(WHAT YOU HAVE TO DO) Word for word, reproduce all entries below, leaving every picture out.

(EXCERPTED RECORDS)
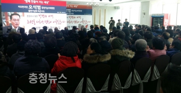 오는 6월 지방선거에서 자유한국당 소속으로 홍성군수 출마를 선언한 오석범 전 홍성군 군의회의원(홍주지명되찾기범군민운동본부장)이 지난 24일 내포신도시 J컨벤션웨딩홀에서 북콘서를 열었다.
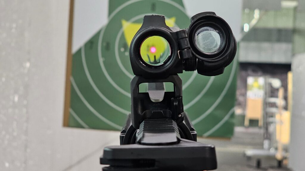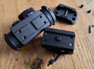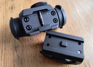 Po otwarciu kropka jest ostra i dobrze widoczna. Sam kolimator też fajnie się prezentuje. Podczas otwierania i zamykania klapki chodzą z wyraźnym oporem, po czym można wnosić, że będą dobrze uszczelniać wnętrze optyki.
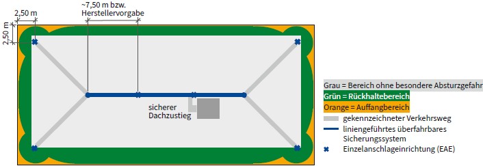 Neu zu errichtende, zu sanierende oder in der Nutzung geänderte Dachflächen müssen im Hinblick auf die späteren Instandhaltungsarbeiten so geplant werden, dass sie grundsätzlich einen sicheren Zugang haben. Insbesondere durch permanente Absturzsicherungssysteme (bauliche Maßnahmen wie Brüstung, Geländer, Attika oder Anschlageinrichtungen) wird, nach dem Rangfolgenprinzip der Schutzmaßnahmen (STOP-Prinzip) § 4 des Arbeitsschutzgesetzes, ein sicheres Begehen und Arbeiten auf der Dachfläche ermöglicht. Die Absturzsicherungen sind in der Regel permanent mit dem Bauwerk verbunden bzw. verbleiben auf dem Bauwerk. Zu Wartungsarbeiten zählen alle Arbeiten, die in regelmäßigen Abständen von weniger als 3 Jahren durchgeführt werden.
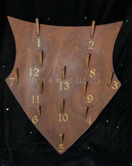 A prop game board featured in the Star Trek: Voyager episode “Fair Haven” and “Spirit Folk”. The item is a large shield shaped wooden board with multiple pegs driven into it which are numbered for the game of ‘rings’. The item was created by prop makers at HMS (Hand Props, … |
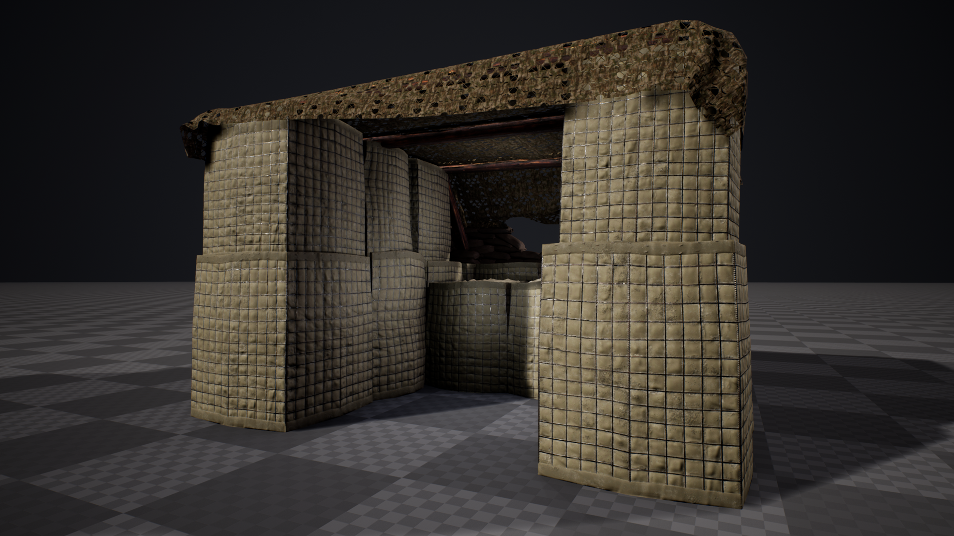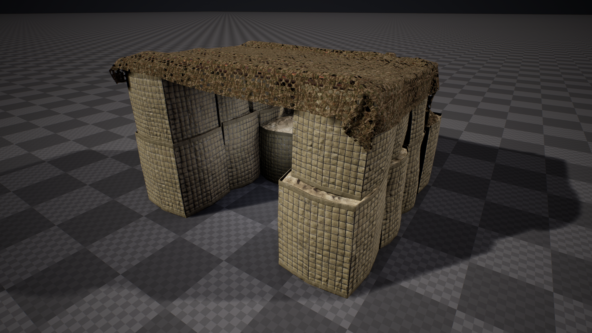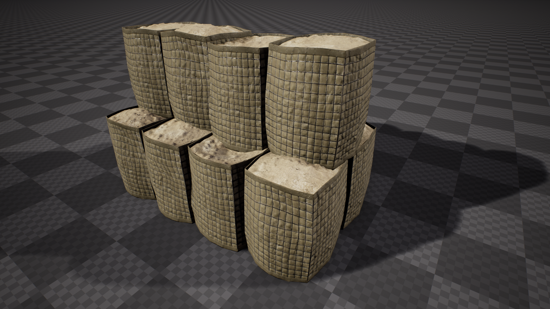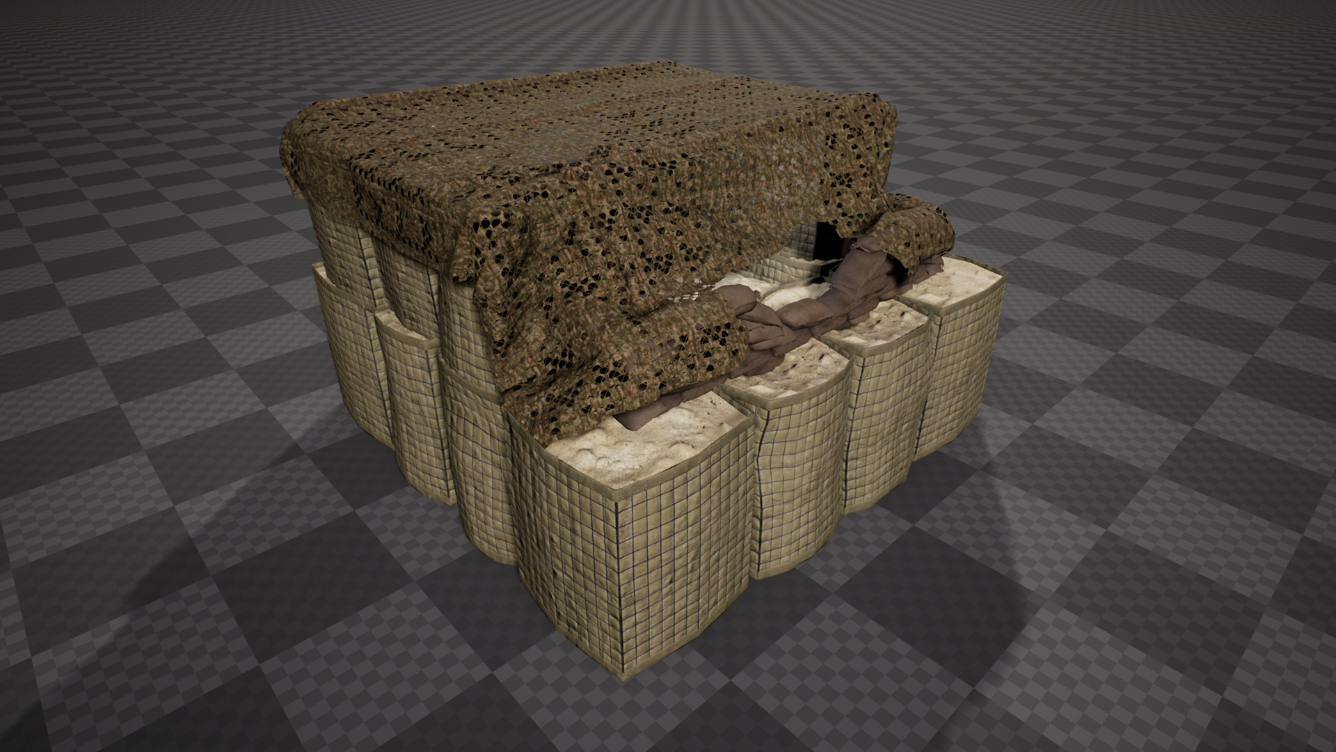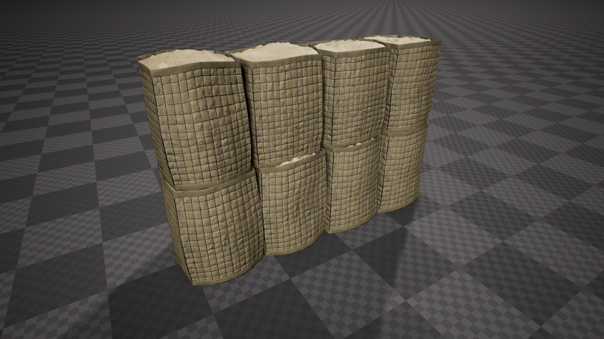 Our 3D modeling team has continued work on creating objects and models that will be used in the FOB buildables feature once that is implemented, including hesco barriers set up in walls and other various arrangements, as well as sandbags:

(ANSWER AREA)
 오는 6월 지방선거에서 자유한국당 소속으로 홍성군수 출마를 선언한 오석범 전 홍성군 군의회의원(홍주지명되찾기범군민운동본부장)이 지난 24일 내포신도시 J컨벤션웨딩홀에서 북콘서를 열었다.
 Po otwarciu kropka jest ostra i dobrze widoczna. Sam kolimator też fajnie się prezentuje. Podczas otwierania i zamykania klapki chodzą z wyraźnym oporem, po czym można wnosić, że będą dobrze uszczelniać wnętrze optyki.
 Neu zu errichtende, zu sanierende oder in der Nutzung geänderte Dachflächen müssen im Hinblick auf die späteren Instandhaltungsarbeiten so geplant werden, dass sie grundsätzlich einen sicheren Zugang haben. Insbesondere durch permanente Absturzsicherungssysteme (bauliche Maßnahmen wie Brüstung, Geländer, Attika oder Anschlageinrichtungen) wird, nach dem Rangfolgenprinzip der Schutzmaßnahmen (STOP-Prinzip) § 4 des Arbeitsschutzgesetzes, ein sicheres Begehen und Arbeiten auf der Dachfläche ermöglicht. Die Absturzsicherungen sind in der Regel permanent mit dem Bauwerk verbunden bzw. verbleiben auf dem Bauwerk. Zu Wartungsarbeiten zählen alle Arbeiten, die in regelmäßigen Abständen von weniger als 3 Jahren durchgeführt werden.
 A prop game board featured in the Star Trek: Voyager episode “Fair Haven” and “Spirit Folk”. The item is a large shield shaped wooden board with multiple pegs driven into it which are numbered for the game of ‘rings’. The item was created by prop makers at HMS (Hand Props, … |
 Our 3D modeling team has continued work on creating objects and models that will be used in the FOB buildables feature once that is implemented, including hesco barriers set up in walls and other various arrangements, as well as sandbags:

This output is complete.